Protestors have accused the police of employing brutal tactics as they try to disperse them. Police have frequently fired at protestors.

Protestors have accused the police of employing brutal tactics as they try to disperse them. Police have frequently fired at protestors.

More than 20 anti-3rd term protestors appeared before the high court of Bujumbura, some alleging to have been tortured while in police custody.

The protestors were rounded up in the early days of anti-President Pierre Nkurunziza protestors in May and June.

Some of the suspects say they were forced to confess to confess to law breaking before criminal investigation officers.
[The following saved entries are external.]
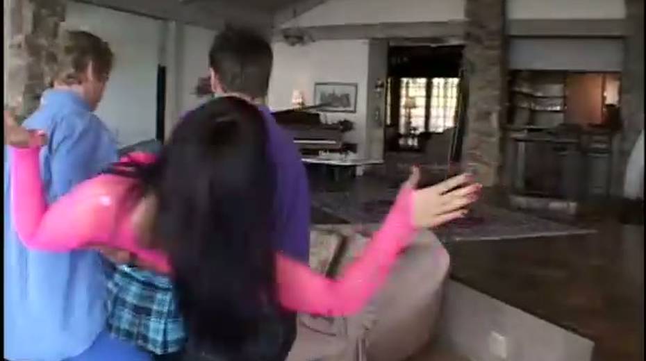 Voracious slut in fishnet stockings fucks two horny studs in threesome
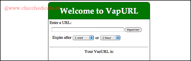 | VapURL è un servizio web con il quale creare link con una scadenza, facendo così in modo che dopo il verificarsi di una delle condizioni offerte dalla piattaforma questo non sia più valido e non porti più alla pagina inizialmente associata al collegamento creato, da qui il nome con il “Vap” iniziale che ovviamente richiama la parola vapor. | ||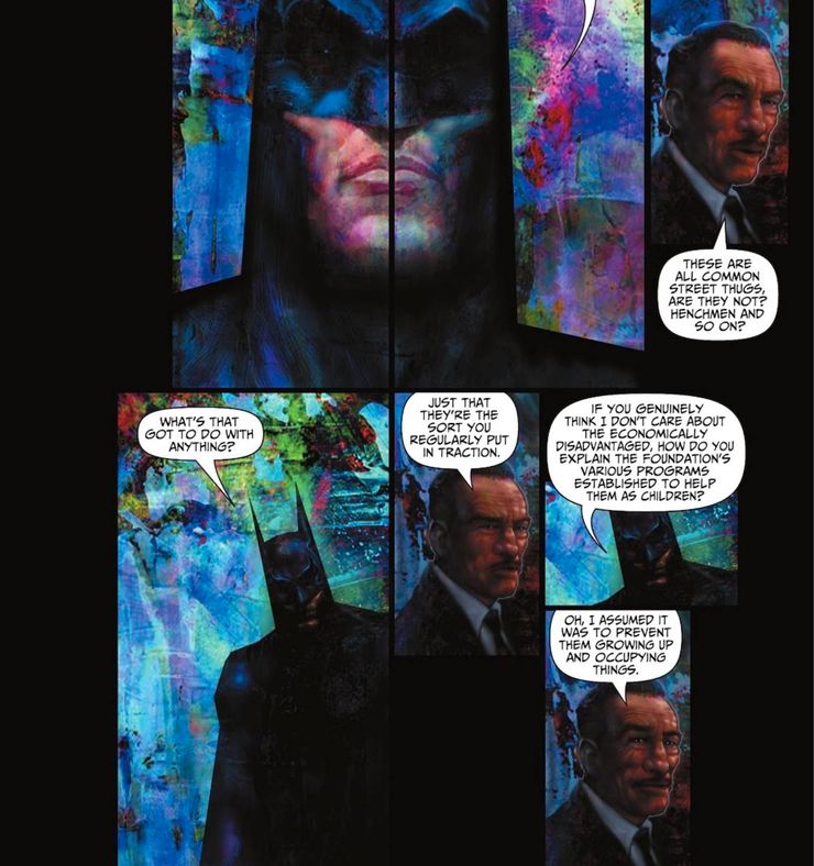 Cuando se le pregunta a Batman sobre cómo acabar con los matones callejeros, se le acusa de no preocuparse por los pobres. Sin embargo, Batman responde que ha financiado varios programas específicamente designados para ayudar a los niños de hogares de clase baja. “Si realmente cree que no me importan los económicamente desfavorecidos, ¿cómo explica los diversos programas establecidos por la fundación para ayudarlos cuando eran niños?” “Oh, asumí que era para evitar que crecieran y ocuparan cosas”. El escritor Garth Ennis había aludido previamente al hecho de que Batman es un multimillonario que lucha contra los pobres, y no rehuye el tema en Batman: reptil.
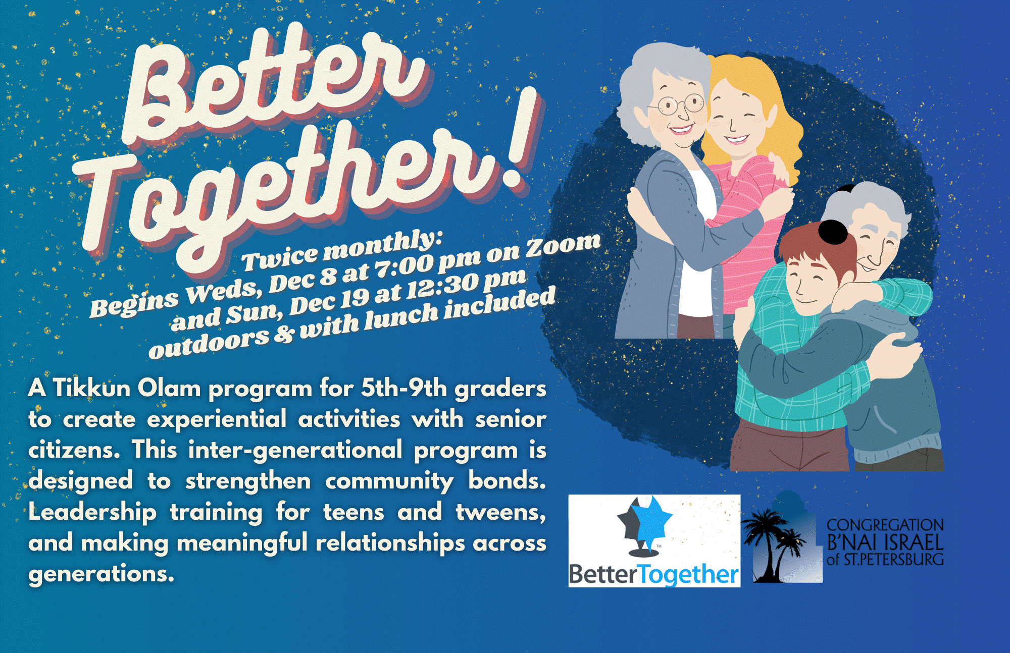 5th-9th grade group designed for Tikkun Olam. Our specific goal is outreach to the Jewish senior citizen community to build relationships and strengthen community bonds. This program includes leadership training for tweens and teens.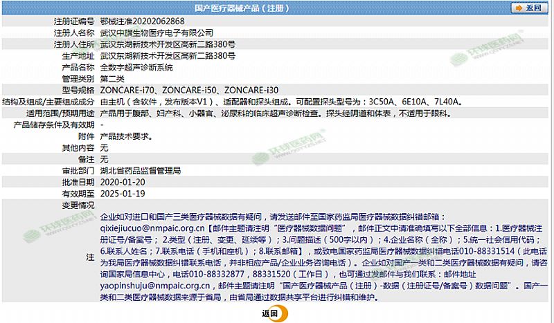 批准文号: 鄂械注准20202062868 【验证真伪】

Lawyers confirm these allegations and urge Burundian police to refrain from torturing detainees, as confession under duress is illegal.

“I saw many who were forced to confess. Some were captured on the streets without being in protests, others were arrested as they had paid visit to their friends in police jails, these were beaten into admitting offenses they did not commit,” Renovat Ciza, one of the lawyers representing the protestors.

“This is a pure lie, Burundi police no longer torture detainees,” Pierre Nkurikiye, the police spokesman refuted protestors’ claims.

Meanwhile, protests against the third term have been completely suppressed by the police, but the situation is still tense in Bujumbura neighborhoods.

Many residents continue to flee their homes, it’s rare to spend a day or night without hearing at least one gunshot or grenade explosion.

General Leonard Ngendakumana, the deputy to the leader of the May 13 thwarted coup against Nkurunziza has revealed the renegade generals are behind the string of recent grenade attacks that have paralyzed the capital Bujumbura and other parts of the county.

In an interview with Kenya Television Network (KTN) Sunday July 5, Gen. Ngendakumana, said their disastrous failure in the attempted coup has motivated them to resort to grenade attacks as a way to force President Nkurunziza to change his mind about running for the third term.